The standalone KV indexer (`dynamo-kv-indexer`) is a lightweight HTTP binary that subscribes to ZMQ KV event streams from workers, maintains a radix tree of cached blocks, and exposes HTTP endpoints for querying and managing workers.

This is distinct from the [Standalone Router](https://github.com/ai-dynamo/dynamo/blob/main/components/src/dynamo/router/README.md), which is a full routing service. The standalone indexer provides only the indexing and query layer without routing logic.

The HTTP API follows the [Mooncake KV Indexer RFC](https://github.com/kvcache-ai/Mooncake/issues/1403) conventions.

## Multi-Model and Multi-Tenant Support

The indexer maintains one radix tree per `(model_name, tenant_id)` pair.
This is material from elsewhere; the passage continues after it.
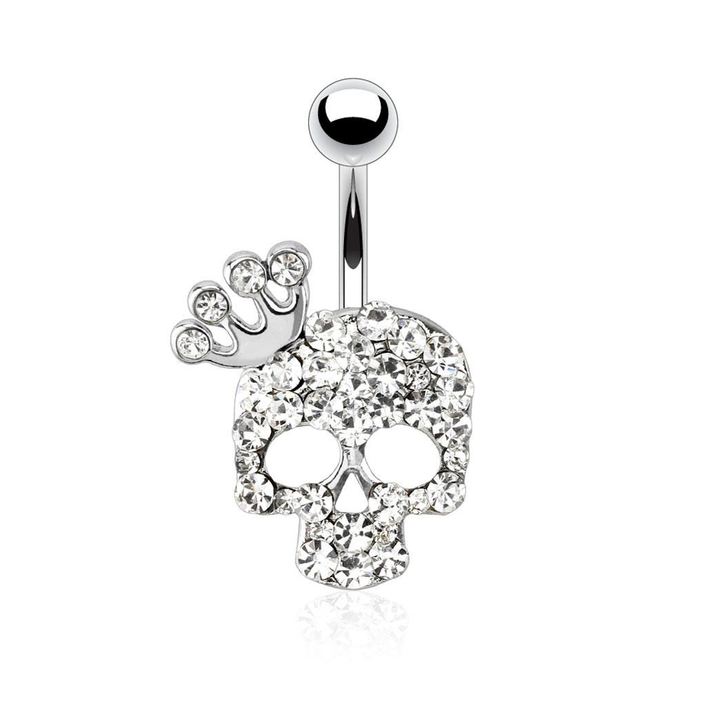 En virkelig sød navlepiercing med et stenbesat skull der glitrer og glimter som en hel håndfuld diamanter. De mange klare sten sidder helt tæt sammen så de fylder hele dødningehovedet ud, på nær de tre huller der er lavet som øjne og næse selvfølgelig. Øjnene er lavet som to store tomme øjenhuler mens næsen er markeret som en lille trekant lige midt i mellem og lidt under de to runde øjne.

Workers registered with different model names or tenant IDs are isolated into separate indexers — queries against one model/tenant never return scores from another.
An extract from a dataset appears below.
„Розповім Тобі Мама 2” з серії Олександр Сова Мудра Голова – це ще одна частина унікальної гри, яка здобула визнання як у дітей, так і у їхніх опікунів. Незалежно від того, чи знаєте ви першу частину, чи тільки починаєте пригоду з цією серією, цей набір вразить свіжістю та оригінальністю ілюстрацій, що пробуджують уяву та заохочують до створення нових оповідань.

- **`model_name`** (required on `/register` and `/query`): Identifies the model. Workers serving different models get separate radix trees.
- **`tenant_id`** (optional, defaults to `"default"`): Enables multi-tenant isolation within the same model. Omit for single-tenant deployments.
- **`block_size`** is per-indexer: the first `/register` call for a given `(model_name, tenant_id)` sets the block size. Subsequent registrations for the same pair must use the same block size or the request will fail.

## Compatibility

The standalone indexer works with any engine that publishes KV cache events over ZMQ in the expected msgpack format. This includes bare vLLM and SGLang engines, which emit ZMQ KV events natively — no Dynamo-specific wrapper is required.

## Use Cases

- **Debugging**: Inspect the radix tree state to verify which blocks are cached on which workers.
- **State verification**: Confirm that the indexer's view of KV cache state matches the router's internal state (used in integration tests).
- **Custom routing**: Build external routing logic that queries the indexer for overlap scores and makes its own worker selection decisions.
- **Monitoring**: Observe KV cache distribution across workers without running a full router.

## P2P Recovery

Multiple indexer replicas can subscribe to the same ZMQ worker endpoints for fault tolerance. When a replica starts (or restarts after a crash), it bootstraps its radix tree state from a healthy peer before processing live events.

### How It Works

1. Workers are registered via `--workers` CLI, which connects ZMQ SUB sockets immediately.
2. A 1-second delay ensures the peer's tree state has advanced past the ZMQ connection point, so the dump covers any events that would otherwise be lost to the slow-joiner window.
3. The indexer fetches a `/dump` from the first reachable peer in `--peers`.
4. Dump events are applied to populate the radix tree.
5. ZMQ listeners are unblocked and begin draining any events that buffered during recovery.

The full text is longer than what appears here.